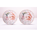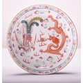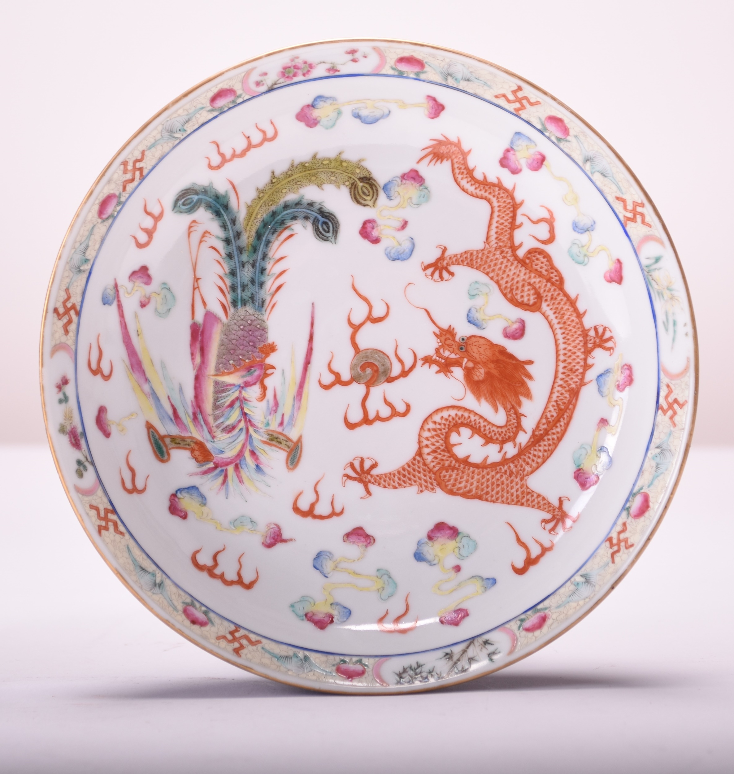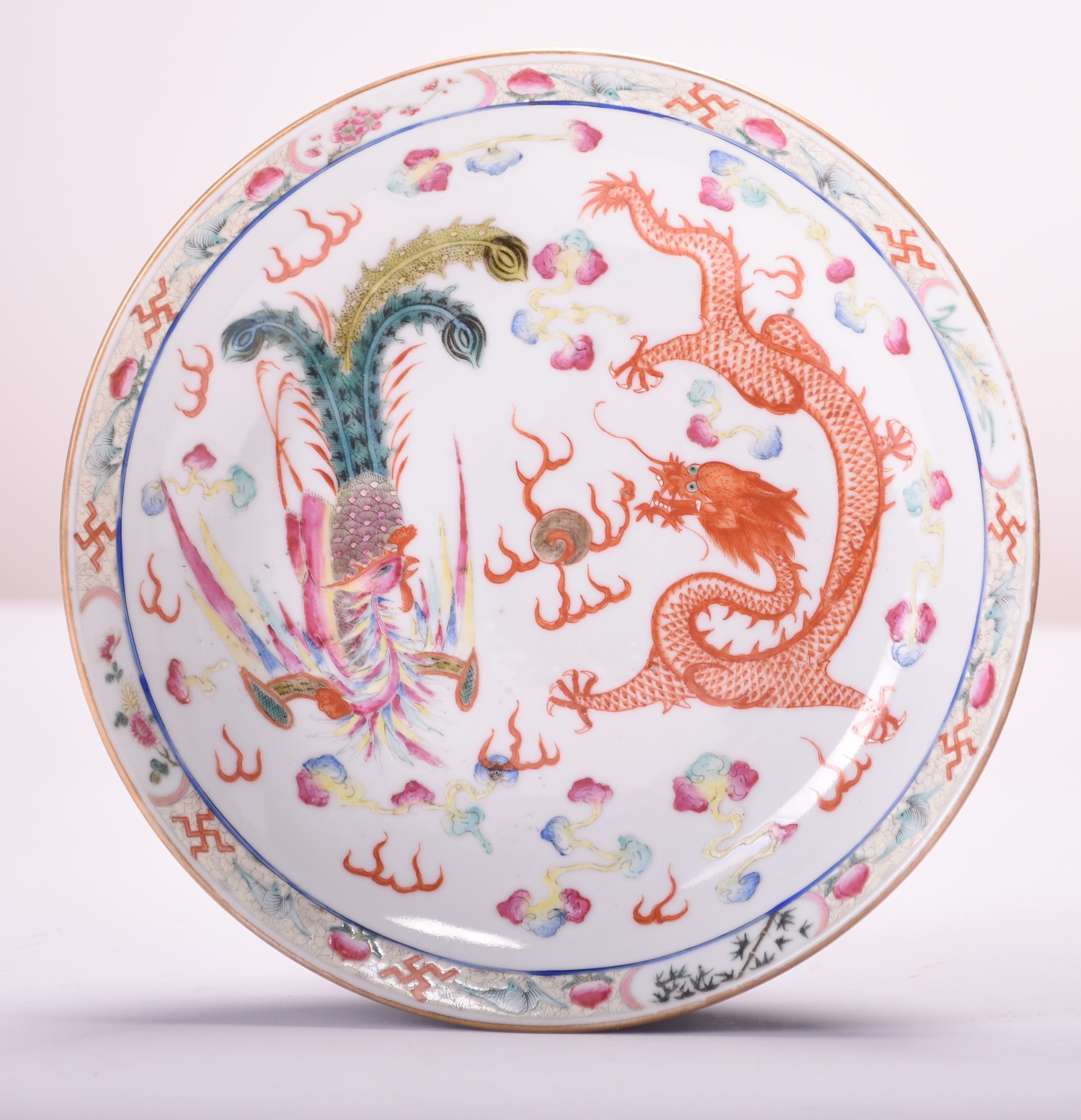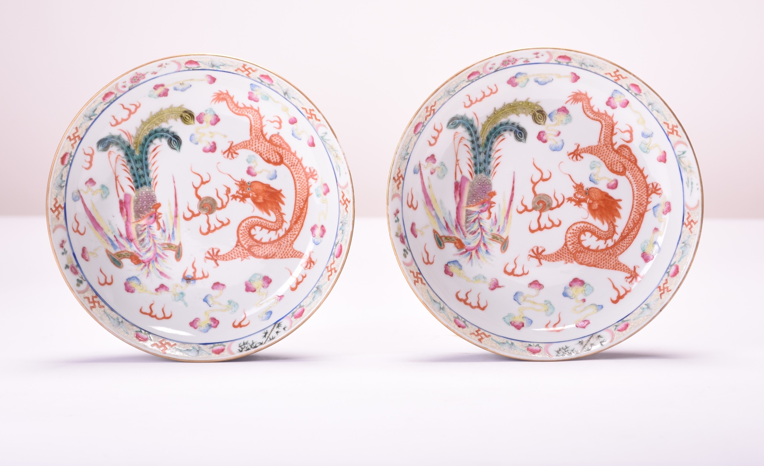 A pair of Chinese dragon and phoenix dishes, Qing Dynasty Of circular form, the deep dishes painted in enamel colours with a dragon chasing a flaming pearl and a phoenix, amid clouds and flames, the rim with a border of peaches, bats and Buddhist emblems, the undersides in powder blue, four-character marks reading 'Precious object of pure spleandour'. 19cm dia. (2) Private English collection, the property of a lady.
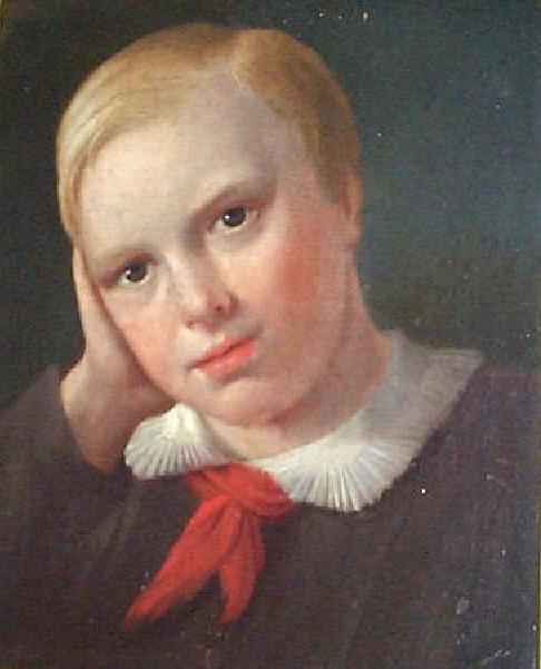 board is the name of the individual that owned the painting and not the name of the artist that painted the subject. While we agree the name may not be related to the boy, it is also quite likely that there is a relationship. The collar does not look quite right for an Italian school smock. It looks more like a collsar to a tunic an English boy may have worn with a tunic in the mid-19th century. We would guess that it might be English, in part because of the name. The portrait was for sale in Toronto, Canada which agains suggests it is English. The portrait is undated, but we would guess the 1840s, although we are not at all sure. I am not sure what the boy is wearing, but he is wearing a white collar edged with little plears and a small red scarve.
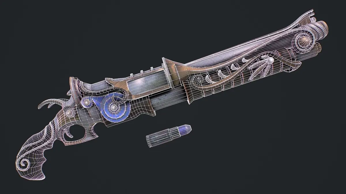 Hello. This is a high definition quality polygon of a Fantasy rifle 1 3 3D Model with PBR textures. Extremely detailed and realistic. Suitable for movie prop, architectural visualizations, advertising renders and other. The archive includes Obj and FBX, textures for the Unity: Base color, Height, Metallic, Mixed AO, Normal_OpenGL, Roughness. And also included in the archive textures for UE: BaseColor, Normal, OcclusionRoughnessMetallic. All textures are 4k resolution. The model contains 7 objects: bullet, cartridge_case, Fantasy_rifle_1, hammer, hammer_1, lock, trigger.
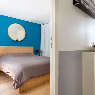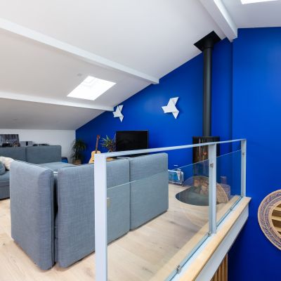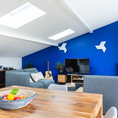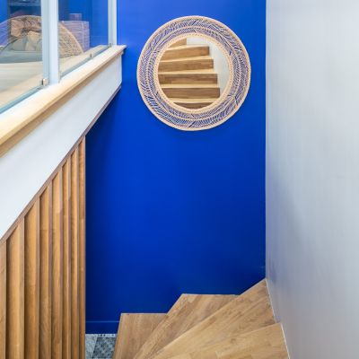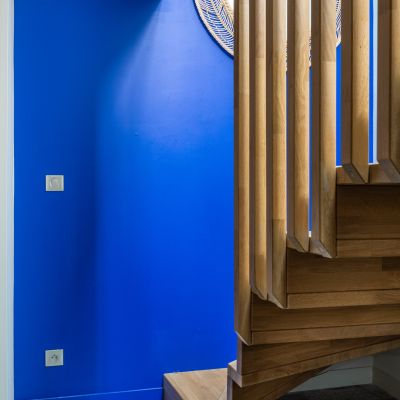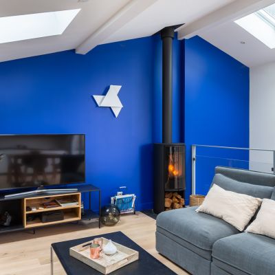 Ses deux derniers souhaits ont été exaucés dans la pièce de vie: celui d’installer un poêle à bois modèle Contura 500 par Techniflammes et placer la couleur bleue proche de celle des “Jardins de Majorelle” grâce à notre partenaire peinture Unikalo.
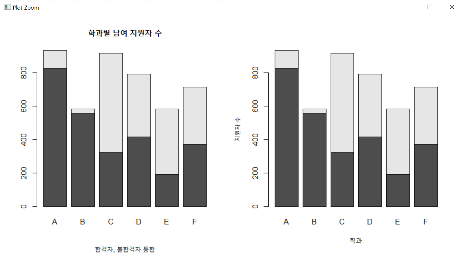 오른쪽 막대그래프는 학과 간의 남녀 비율을 상대적으로 비교해 본 것이다. y축을 보면 0부터 100까지의 값을 가지는 것을 알 수 있다. 상대적 비율이기 때문에 지원자 중 남자 비율이 어느 학과가 더 큰가를 비교하기에 좋다.
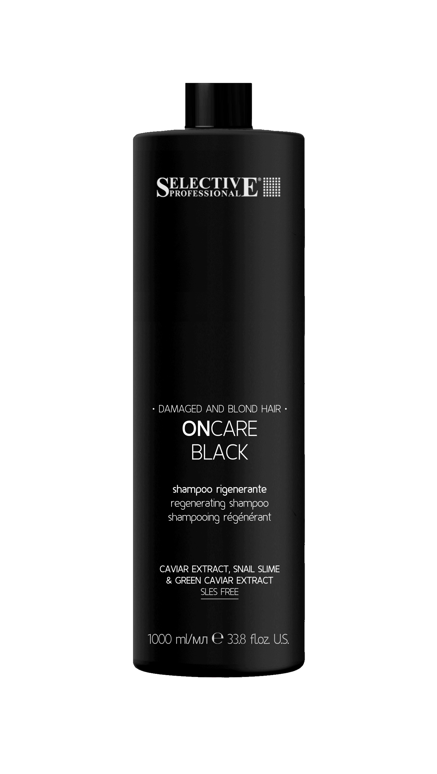 Značka Selective Professional představuje regenerační šampon s kaviárem a šnečím extraktem pro poškozené, tmavé i blond vlasy. Díky složení založenému na přírodních účinných látkách vlasy hloubkově regeneruje, navrací jim vitalitu, lesk a hebkost. Výtažek z černého kaviáru s vysoce antioxidačními, vyživujícími a hydratačními vlastnostmi. Výtažek z hlemýždího slizu obnovuje strukturu vlasů a dodává jim pevnost a lesk. Díky obsaženému kolagenu a kyselině glykolové pomáhá obnovovat vlasové vlákno poškozené chemickou nebo tepelnou úpravou, zabraňuje vysušování a zlepšuje hebkost vlasů. Šampon čistí s celkovým ohledem na vlasové vlákno a obnovuje jeho fyziologickou hydrolipidickou rovnováhu. Zanechává vlasy regenerované, hedvábné a pružné. Oživuje matné vlasy bez tónu. Chrání před oxidačním namáháním. Očišťuje a detoxikuje pokožku hlavy. Šampon má pižmovou, květinovou sladkou vůni. Nezanechává černý pigment. Prášek z dřevěného uhlí má absorpční a čistící vlastnosti. Pomáhá zbavit pokožku hlavy zbytků produktů, smogu a dalších usazenin. Jeho detoxikační účinky pomáhají udržet vlasy lehké, lesklé a čisté po delší dobu. Výtažek ze zeleného kaviáru je bohatý na polysacharidy a minerály, které udržují vlhkost ve vláknech, udržuje vlasy dlouhodobě hydratované. Vysoká koncentrace omega-3, karotenoidů, vitaminu C a E vlasy hloubkově vyživuje a pomáhá je chránit před oxidačním namáháním a poškozením vlivem prostředí, čímž jim dodává plnost a vyživující účinek.
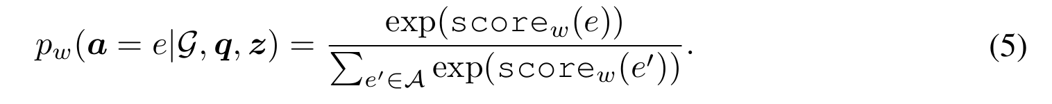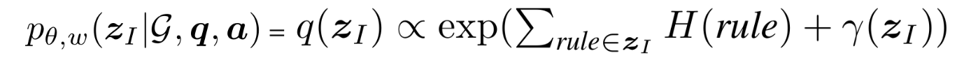RG에서 받은 $\textbf{z}$를 이용해서 $p_w(\textbf{a}|G,\textbf{q},\textbf{z})$를 모델링하고자 한다. 주어진 쿼리 $\textbf{q}=(h,r,?)$에 대해 compositional rule과 $G$를 활용해 다른 candidate answer로 향하는 grounding path들을 찾을 수 있다. 즉 $\textbf{z}$와 BFS(또는 인접 행렬 이용, 이 부분은 논문에 나와있지는 않고 openreview에서 저자들이 밝혔다)를 사용해 이 정보들을 조합해 특정 candidate answer($e\in A$)에 대한 score를 얻을 수 있다.
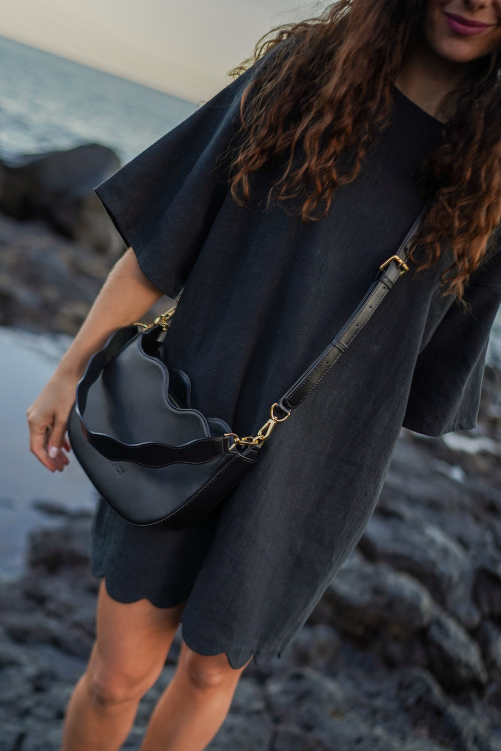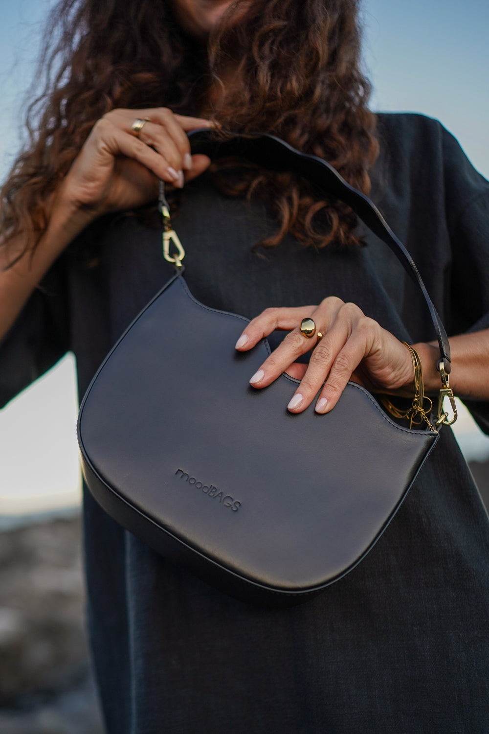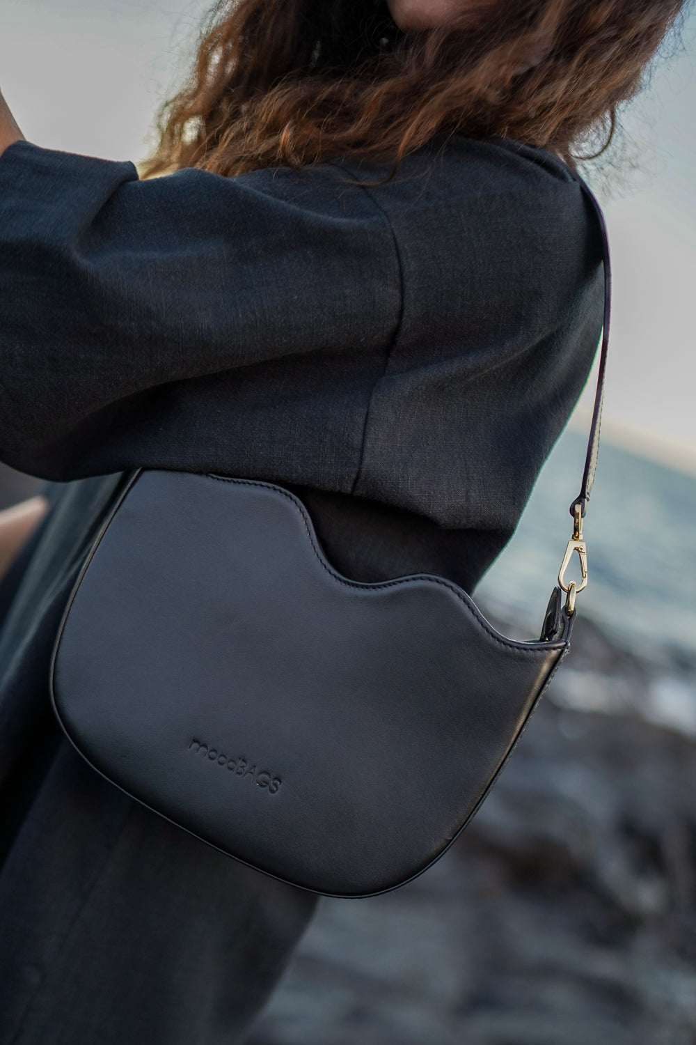 moodBAGS - to tutaj w 2018 roku zaczyna się moja historia okuta w piękne welurowe skóry. Projekty z szuflady ujrzały światło dzienne, a ja nabrałam rozpędu, o jakim wcześniej nie śniłam! To tutaj znajdziesz autorskie kształty, a w nich wspólny mianownik. Coś, co łączy je wszystko. Kształty zaklęte w płatkach kwiatów, dłońmi polskich rzemieślników. Dzięki obłym elementom każdy z modeli - pasek, buty, torebki, portfele - można ze sobą dowolnie łączyć, by wyglądały stylowo, z charakterem.
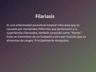 La filariasis es una enfermedad parasitaria tropical causada por nematodos filiformes transmitidos por mosquitos. Los agentes causales principales son Wuchereria bancrofti y Brugia malayi. El ciclo de vida incluye etapas de adulto, microfilaria y larva, y se transmite cuando los mosquitos pican a humanos infectados. Los síntomas incluyen linfedema y elefantiasis. El diagnóstico se realiza clínicamente o mediante exámenes parasitológicos e inmunológicos. El tratamiento inclu

(Task description):
Copy the entries above exactly from the line with "moodBAGS - to" down to their last line, both ends included. Do not copy any pictures.

(Answer box):
 moodBAGS - to tutaj w 2018 roku zaczyna się moja historia okuta w piękne welurowe skóry. Projekty z szuflady ujrzały światło dzienne, a ja nabrałam rozpędu, o jakim wcześniej nie śniłam! To tutaj znajdziesz autorskie kształty, a w nich wspólny mianownik. Coś, co łączy je wszystko. Kształty zaklęte w płatkach kwiatów, dłońmi polskich rzemieślników. Dzięki obłym elementom każdy z modeli - pasek, buty, torebki, portfele - można ze sobą dowolnie łączyć, by wyglądały stylowo, z charakterem.
 La filariasis es una enfermedad parasitaria tropical causada por nematodos filiformes transmitidos por mosquitos. Los agentes causales principales son Wuchereria bancrofti y Brugia malayi. El ciclo de vida incluye etapas de adulto, microfilaria y larva, y se transmite cuando los mosquitos pican a humanos infectados. Los síntomas incluyen linfedema y elefantiasis. El diagnóstico se realiza clínicamente o mediante exámenes parasitológicos e inmunológicos. El tratamiento inclu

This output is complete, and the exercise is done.